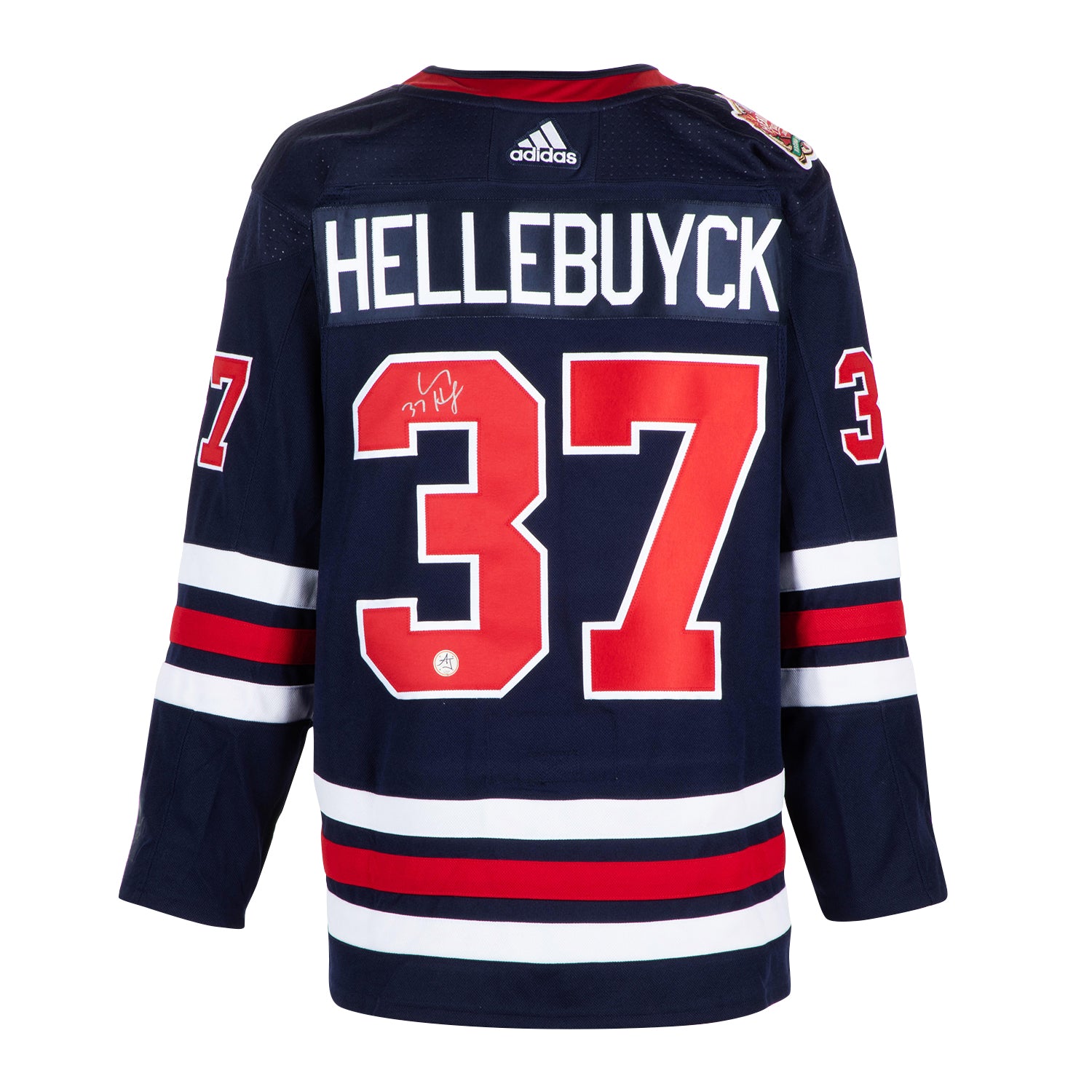 Connor Hellebuyck Signed Winnipeg Jets 2019 Heritage Classic adidas Jersey
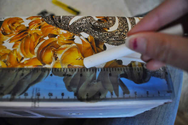 Con el cúter, cortar cada ranura, aproximadamente 1/4" densamente. Encontré trabajó mejor hacer primero las ranuras superior e inferior de la ranura y el corte a los lados de una abertura rectangular, limpio. Añadir un poco de Mod Podge para las aberturas, si son un poco ásperos para evitar que su cinta se enganchen.
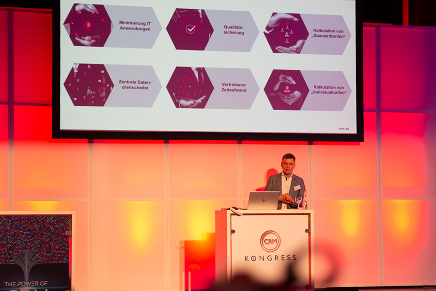 Mit über 20 Vorträgen auf zwei Stages deckte das Kongress-Programm ein breites Themenspektrum ab. Die Teilnehmenden erlebten live, was The Power of CRM in der Praxis bedeutet – von Anwendern für Anwender. Wer sich für aktuelle Neuerungen rund um die CURSOR-Branchenlösung EVI interessierte, für den waren u. a. die Vorträge zur Abbildung von SLP-Prozessen oder Tarifkalkulation in EVI erste Anlaufstelle. Anian Bader von der AVIA Deutsche Mineralöl-GmbH erläuterte die Möglichkeiten von EVI als skalierbarer und zentraler Datendrehscheibe in Sachen Tarifkalkulation und betonte u. a. „Schnittstellen müssen gestreichelt werden.“
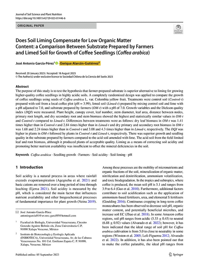 Does Soil Liming Compensate for Low Organic Matter Content: a Comparison Between Substrate Prepared by Farmers and Limed Soil for Growth of Coffee Seedlings (Coffea arabica)
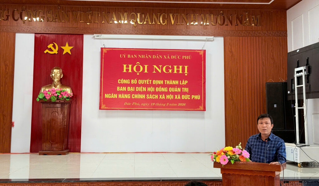 Chiều ngày 19/3/2026, tại UBND xã Đức Phú đã long trọng tổ chức Hội nghị công bố quyết định số 158/ QĐ-UBND thành lập Ban đại diện Hội đồng quản trị Ngân hàng Chính sách xã hội xã Đức Phú.
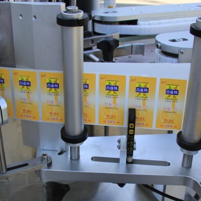 本机设计适合于扁瓶或方瓶的双侧面贴标,可连线生产或单机作业。 特点: 1、伺服马达及驱动器控制出标,PLC可编程控制器 2、本机主要材质采用304不锈钢及铝镁合金制作 3、PLC容易操作且能够迅速调试 4、劳易测透明标签电眼 5、贴标可选配自动进瓶转盘 适用标签高度:10-180mm 适用标签长度:15-250mm 贴标物高度:30-200mm 标签卷尺寸:内径76mm~外径360mm 出標速度:0-30米/ 分钟
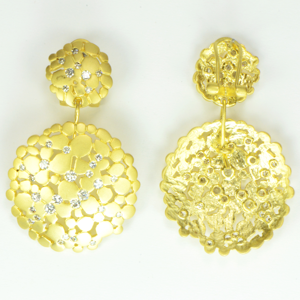 - Gold Plated Brass Cz Circle Cluster Earrings
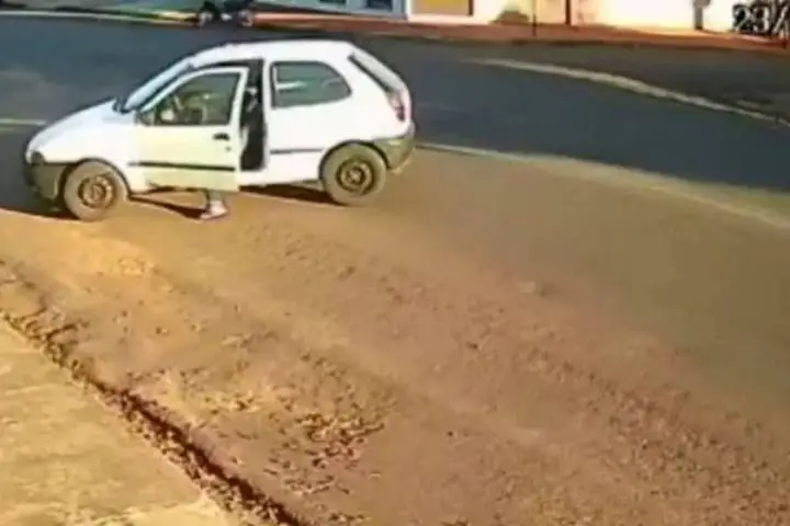 O homem ainda tenta a todo custo religar o automóvel, porém não consegue e acaba abandonando o Palio no meio da via.
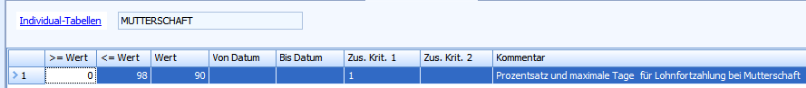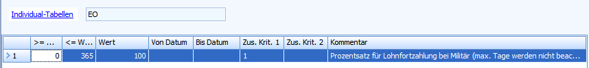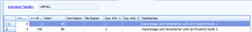 Konfigurieren Sie hier die Anzahl Tage und Prozentsatz der Lohnfortzahlung. Es ist nur eine Stufe möglich. Der Wert in der Spalte Zus. Krit. 1 muss stehen gelassen werden.
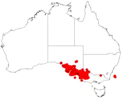 The species is found in a variety of soil types and ecological communities and associates with other plant species. In South Australia it is found in southern parts extending from the Great Victoria Desert in the west through to the border with Victoria in the east . It is also found on Kangaroo Island.[1] In Victoria the plant is only found in eastern areas in the mallee and goldfields regions extending north into south-western parts of New South Wales.[3]
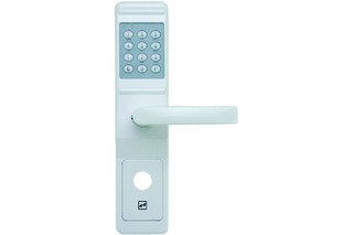 Mit dem Türcodebeschlag bleibt die mechanische Funktion der Tür erhalten. Der Aussendrücker wird nach Eingabe vom 2- ...
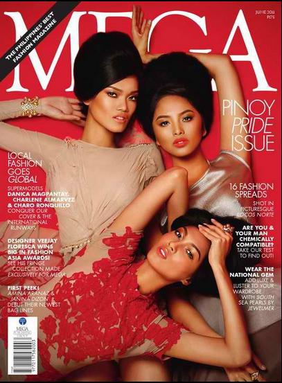 Pinay Supermodels Charo, Chat and Danica posing for the June edition of Mega Magazine aptly called the PINOY PRIDE ISSUE.
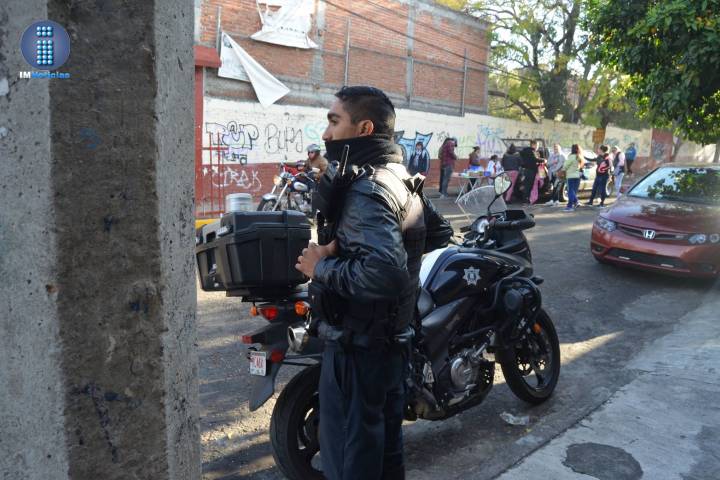 Elementos de la policía Morelia trabajan en el reforzamiento de la proximidad social a través de vigilancia en las escuelas y el contacto con padres de familia y profesores de las mismas.
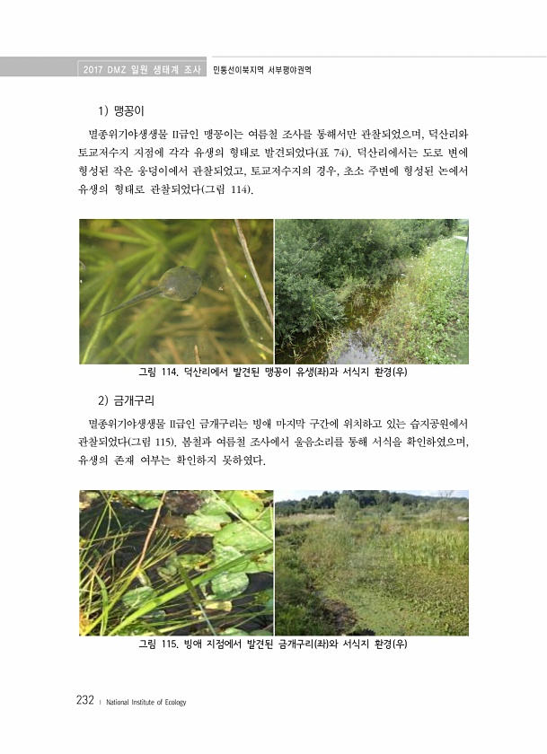 2017 DMZ 일원 생태계 조사 민통선이북지역 서부평야권역 232 ? National Institute of Ecology 1 맹꽁이 멸종위기야생생물 II급인 맹꽁이는 여름철 조사를 통해서만 관찰되었으며, 덕산리와 토교저수지 지점에 각각 유생의 형태로 발견되었다 표 74 덕산리에서는 도로 변에 형성된 작은 웅덩이에서 관찰되었고, 토교저수지의 경우, 초소 주변에 형성된 논에서 유생의 형태로 관찰되었다 그림 114 그림 114. 덕산리에서 발견된 맹꽁이 유생 좌 과 서식지 환경 우 2 금개구리 멸종위기야생생물 II급인 금개구리는 빙애 마지막 구간에 위치하고 있는 습지공원에서 관찰되었다 그림 115 봄철과 여름철 조사에서 울음소리를 통해 서식을 확인하였으며, 유생의 존재 여부는 확인하지 못하였다. 그림 115....
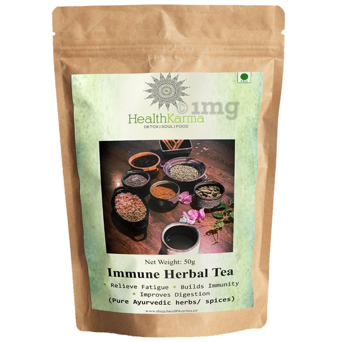 Health Karma Immune Herbal Tea is a blend of potent ingredients like Ashwagandha, Giloy, Turmeric and Fennel that help improve immunity. It also clarifies the mind and beats inflammation. Besides, herbal tea improves digestion.
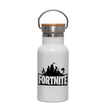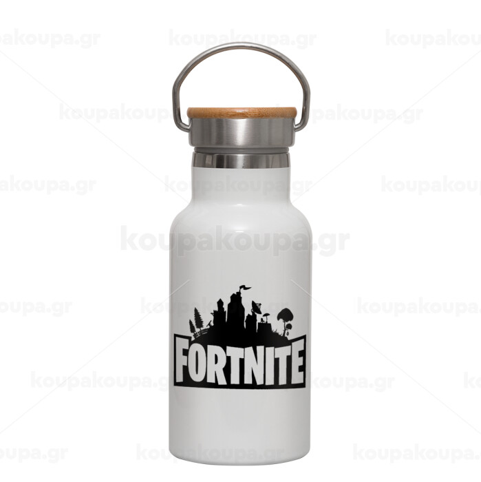 Fortnite, Μεταλλικό παγούρι θερμός (Stainless steel) Λευκό με ξύλινο καπακι (bamboo), διπλού τοιχώματος, 350ml
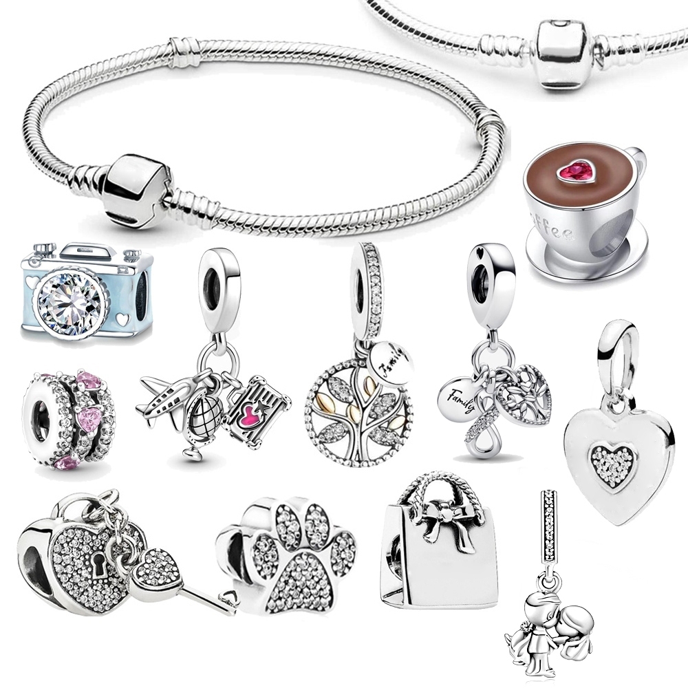 Pulseira Cadeia De Prata 925 Berloque Encantos Clássico Inicial Charme Pingente Pulseiras Bijuterias Jóias Charms DIY
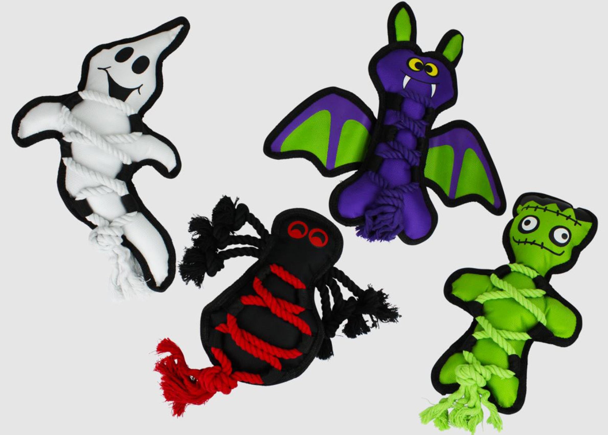 Dogs go batty for our durable ballistic-style nylon Halloween toys that float and squeak! Features a cotton rope for tugging.
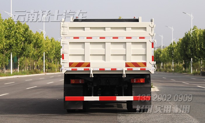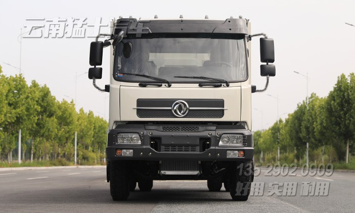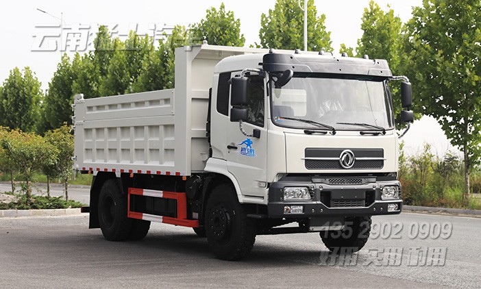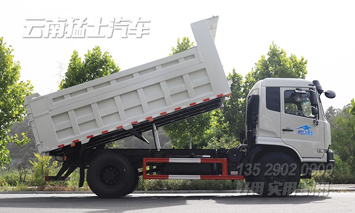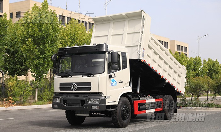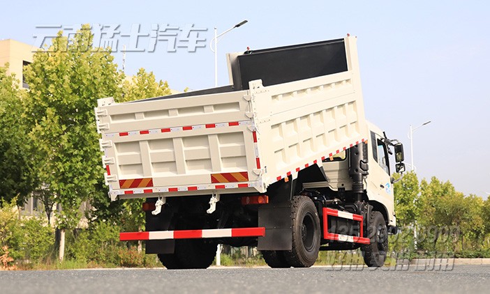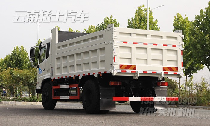 可承載9噸的東風自卸汽車,采用濰柴240馬力發(fā)動機,后輪驅動,后橋采用13噸輪邊減速橋,加裝了300L剎車降溫水箱,確保行駛安全。
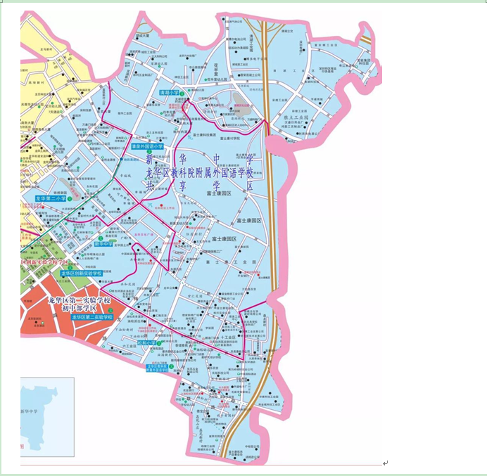 2.初中部與觀瀾第二中學(丹湖居委會、新城居委會、四和居委會)及龍華區(qū)教科院附屬學校初中部共享學區(qū)范圍;丹湖居委會、新城居委會、四和居委會的適齡兒童和少年可選擇申請龍華區(qū)第三外國語學校初中部、觀瀾第二中學其中一所學校學位;福安居委會、悅興圍居委會、瓏門的適齡兒童和少年可選擇申請龍華區(qū)第三外國語學校初中部、龍華區(qū)教科院附屬學校初中部其中一所學校學位。
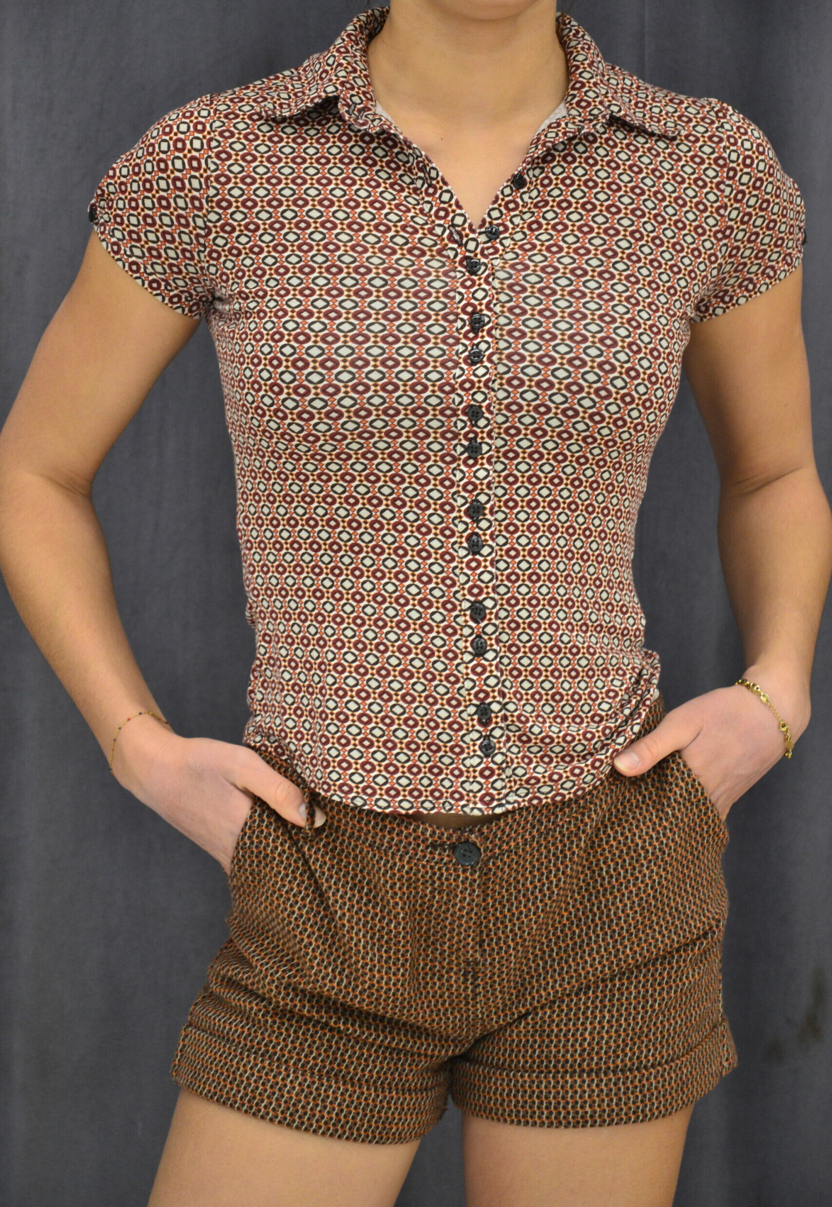 2 chemisiers assortis type hippie marron bouton
--*--
Description of the task: From the records above, copy exactly the stretch from the line holding "O homem ainda" through the line holding "Konfigurieren Sie hier", both ends included, without the pictures.

Result for this exercise:
 O homem ainda tenta a todo custo religar o automóvel, porém não consegue e acaba abandonando o Palio no meio da via.
 Konfigurieren Sie hier die Anzahl Tage und Prozentsatz der Lohnfortzahlung. Es ist nur eine Stufe möglich. Der Wert in der Spalte Zus. Krit. 1 muss stehen gelassen werden.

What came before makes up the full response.